I was surprised at how much this question resonated with people. Here are a few highlights from the (very interesting) conversation that came out of that question.

Some discussion threads

Wishes vs. reality

Tal immediately brought up a really important point: many projects want to be inclusive and welcoming to others, but they don’t have time to do so.

I think this is an important distinction, and something that should be signaled clearly. One the one hand, if a person generally wants others to contribute to the project, then they’re some degree of openness higher than a project that actively discourages this.

On the other hand, running open projects does take work, and a project that says “well I’d like to be open but can’t commit the time to do it” also isn’t that open in practice. No hard feelings there, but I think that the goal of defining a “degree of openness” isn’t to signal a value judgment on the people related to the project, but on the project itself. If you really want to grow an open community around a project, you need to dedicate time and resources to the community itself, not just the technical pieces of the tool.

Metrics of openness

That leaves open the question: “how do we measure the practical openness of a project, rather than just what it says?”. A few folks mentioned that the CHAOSS project does a lot of work in this gneeral space:

CHAOSS defines standards for metrics to collect about communities. They don’t necessarily say what others should do with those metrics, so perhaps that’s on the open community to define for themselves.

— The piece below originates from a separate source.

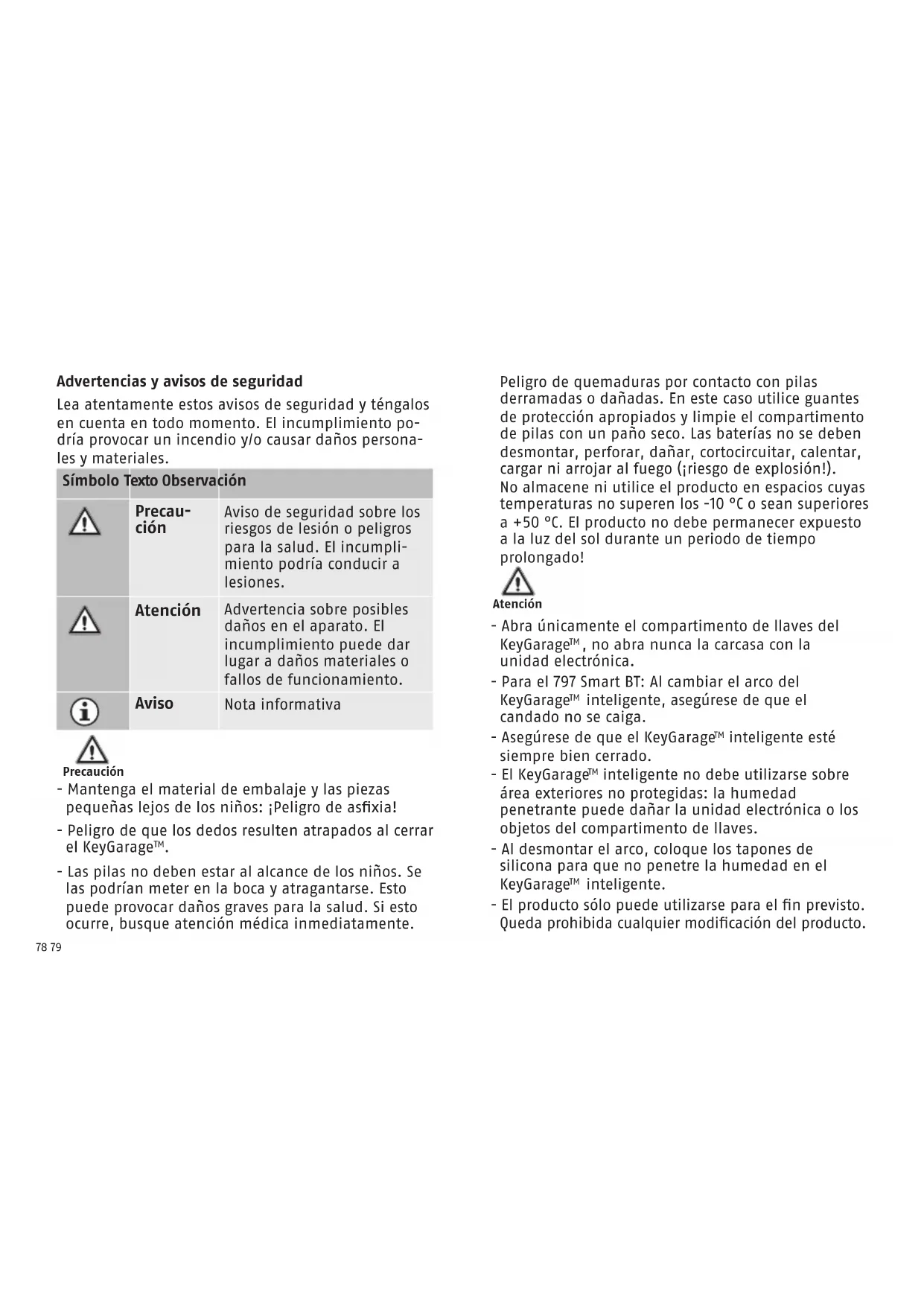 inteligente se puede manejar tanto a través de la aplicación ABUS HomeTec Pro como a través del teclado con un código generado automáticamente. El contenido de este manual de instrucciones y mon- taje está actualizado en el momento de la impresión. Debido a las actualizaciones y el constante desarrollo, es posible que el manual impreso se encuentre des- actualizado en el momento de la puesta en servicio del producto. Por tanto, visite nuestra página web e introduzca „787 Smart-BT“ o „797 Smart-BT“ en el buscador. En la lista de productos, dentro de la pestaña „Descargas“, encontrará la versión más actualizada y completa del manual de instrucciones y montaje.78 79 Advertencias y avisos de seguridad Lea atentamente estos avisos de seguridad y téngalos en cuenta en todo momento. El incumplimiento po- dría provocar un incendio y/o causar daños persona- les y materiales. Símbolo Texto Observación Precau- ción Aviso de seguridad sobre los riesgos de lesión o peligros para la salud. El incumpli- miento podría conducir a lesiones. Atención Advertencia sobre posibles daños en el aparato. El incumplimiento puede dar lugar a daños materiales o fallos de funcionamiento. Aviso Nota informativa Precaución - Mantenga el material de embalaje y las piezas pequeñas lejos de los niños: ¡Peligro de asxia! - Peligro de que los dedos resulten atrapados al cerrar el KeyGarage

Personally, I’d love to see more tooling that makes it possible to scrape activity statistics from open repositories. Tal and others suggested a few things:

  • time to initial response to new issues (maybe separated by new vs. old contributors)
  • inequality coefficient for contributor commits
  • number of unique organizations/email domains in contrbutors
  • use of positive/welcoming language
  • explicit roles defined, and pathways towards working more with the community

I’d love to see more thoughts along these lines. If we could define a collection of metrics around openness, it’d paint a much more rich picture than simply “does this project have a permissive license.”

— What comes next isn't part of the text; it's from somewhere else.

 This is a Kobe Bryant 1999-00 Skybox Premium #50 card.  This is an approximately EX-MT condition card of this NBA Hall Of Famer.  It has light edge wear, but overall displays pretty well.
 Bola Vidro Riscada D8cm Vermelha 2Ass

There was also a specific metric around governance that’s worth highlighting:

The paper linked above is a study that investigated “open governance” in a number of open-source mobile projects. It’s an interesting exploration of the ways that decision-making is made (and signaled) in several projects. Perhaps unsurprisingly, they conclude that “more open” projects are most-likely to be successful in the long term (with a few exceptions).

Finally, apparently there’s also a “badge” to signal the status of a repository (is it active, vaporware, abandoned, etc):

I’d love to see more of these semi-automated signals to help guide the open source community in deciding what projects to adopt and contribute to. As more and more people do their work online and in the open, it also creates a challenge of sifting through the noise to make the most of your (limited) time and energy. Having better metrics like these will make these decisions easier.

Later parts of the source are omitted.